Chapter Seventy-Eight: The Council of Governors

Nanjing's importance lies not in its military status, but in its political significance, as the ancient capital of the Six Dynasties, the most important political city in the south, fell into the hands of the revolutionaries, which for the Qing court meant the complete fall of the south. Pen? Interesting? Pavilion wWw. biquge。 On the surface, this has led to a north-south confrontation.

The news of Nanjing's recovery spread and the impact on all parties in the country was even greater than that of the Wuchang Uprising.

When Zaifeng, who was far away in Beijing, heard the news, his eyes suddenly went dark. Although Yuan Shikai is now the prime minister of the cabinet, he himself will be an idle prince after stepping down, but in any case, he is also the biological father of Emperor Puyi of Xuantong, the royal family of the dignified Qing Dynasty, and he still cares very much about the ancestors of the country.

When he came to the palace, he saw the Empress Dowager Longyu who was crying with the little emperor in her arms, Zaifeng's mind was blank, and he didn't say anything at the moment, and staggered out of the palace alone. At this time, the Manchu nobles and nobles all had no idea, Zaifeng could go out, but they couldn't, one by one, with sad faces, only the Queen Mother Longyu sobbed from time to time.

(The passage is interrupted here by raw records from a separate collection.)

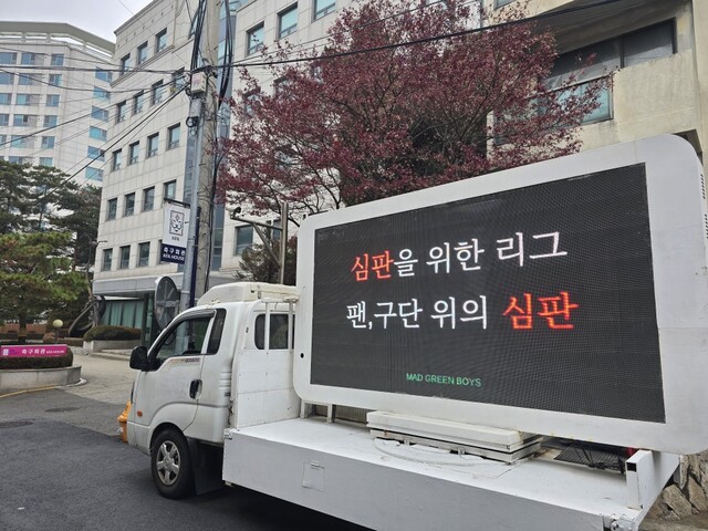 포옛 감독 떠나게 한 프로축구심판협회·연맹 상벌위 만행 규탄 전북 서포터즈 연합 매드그린보이즈 집회·모금 등 진행 단체 행동 관련 모금 나흘 만에 1000만 원 넘게 모여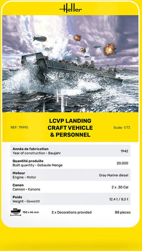 Véhicule de débarquement Heller LCVP et personnel - kit 1:72 · Modelsport 96 m Poids à vide: 8,5 tonnes Poids total en charge : 12,4 tonnesMoteur : Gray Marine diesel 6 cylindres de 225 CV Vitesse en charge : 9 à 12 nœuds Armement : 2 mitrailleuses de 12., 7 mmÉquipage : pilote, mécanicien et matelotCapacité : 36 hommes équipésou un véhicule de 2 700 kgou 3 700 kg de ravitaillementAutonomie : environ 200 km à 9 nœuds Avertissement De Sûreté Ne convient pas aux enfants de moins de 3 ans. Maquette Avion Péniche Landing Craft Véhicule & Personnel LCVP 1/72ème Réf 79995 Modèle Militaire 1/72 à Assembler ( également appelés Higgins Boat, du nom de leur concepteur et constructeur ) pouvaient transporter un peloton de 36 hommes équipés, ou une jeep et 12 hommes. Le Débarquement, la plus grande opération navale de tous les temps qui a rassemblé plus de 5 000 navires de tous types, n’aurait pu avoir lieu sans les Landing Craft Vehicle and Personal, petits bâtiments taillés à la serpe, dont les lignes révélaient l’usage précis auquel ils étaient destinés Maquette LCVP landing Craft et personnel, 2emeGM chez francis... <li><b>Description du produit</b>: Maquette plastique à assembler du véhicule militaire le LCVP (Landing Craft Vehicle Personal) au 1/72ème., 86 pièces. Contenu du coffret Maquette Dimension modèle monté = 150 x 46 mm</li> , </ul> - également appelés Higgins Boat, du nom de leur concepteur et constructeur pouvaient transporter un peloton de 36 hommes équipés, ou une jeep et 12 hommes. 1 planche de décalcomanie , Plan de montage, <ul> Description du produit Le Débarquement, la plus grande opération navale de tous les temps qui a rassemblé plus de 5 000 navires de tous types, n'aurait pu avoir lieu sans les Landing Craft Vehicle and Personal, petits bâtiments taillés à la serpe, dont les lignes révélaient l'usage précis auquel ils étaient destinés: s'échouer sur les plages et faire débarquer rapidement les forces d'assaut par la rampe mobile de l'avant, se déséchouer le plus rapidement possible pour repartir chercher troupes et/ou approvisionnements.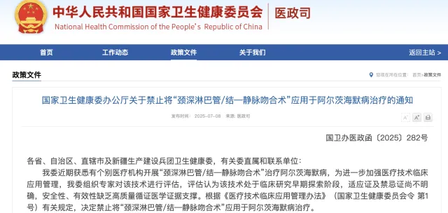 据广州日报,7月8日,国家卫健委发布《关于禁止将“颈深淋巴管/结—静脉吻合术”应用于阿尔茨海默病治疗的通知》。根据这份通知,国家卫健委组织专家对该技术进行评估,评估认为该技术处于临床研究早期探索阶段,适应证及禁忌证尚不明确,安全性、有效性缺乏高质量循证医学证据支撑。根据《医疗技术临床应用管理办法》(国家卫生健康委员会令 第1号)有关规定,决定禁止将“颈深淋巴管/结—静脉吻合术”应用于阿尔茨海默病治疗。

Different from the sad face and crying in the palace, Yuan Shikai, who received the news of the occupation of Nanjing by the revolutionary party, only frowned slightly, and the fall of Nanjing was itself in his expectation, and it can also be said that it was his intention. In order to create pressure on the palace, so that this court can be at the mercy of him Yuan in the future.

At this time, Yuan Shikai's mind was different from when he first came out of the mountain. At the beginning, his mind was very simple to take advantage of the power of the revolutionary party to re-emerge and seize power in the court, but the situation has developed so far that it is different. It was when Huang Xing was supervising the war in Hubei, and he sent a telegram to Yuan Shikai, to the effect that he was nothing more than calling on Yuan Shikai to support the republic, to look forward to China's Washington, and to imply that he could be described as the president of the new Republic of China. Later, he received some promises from the Kuomintang to make him the president, which made Yuan Shikai's mind begin to liven.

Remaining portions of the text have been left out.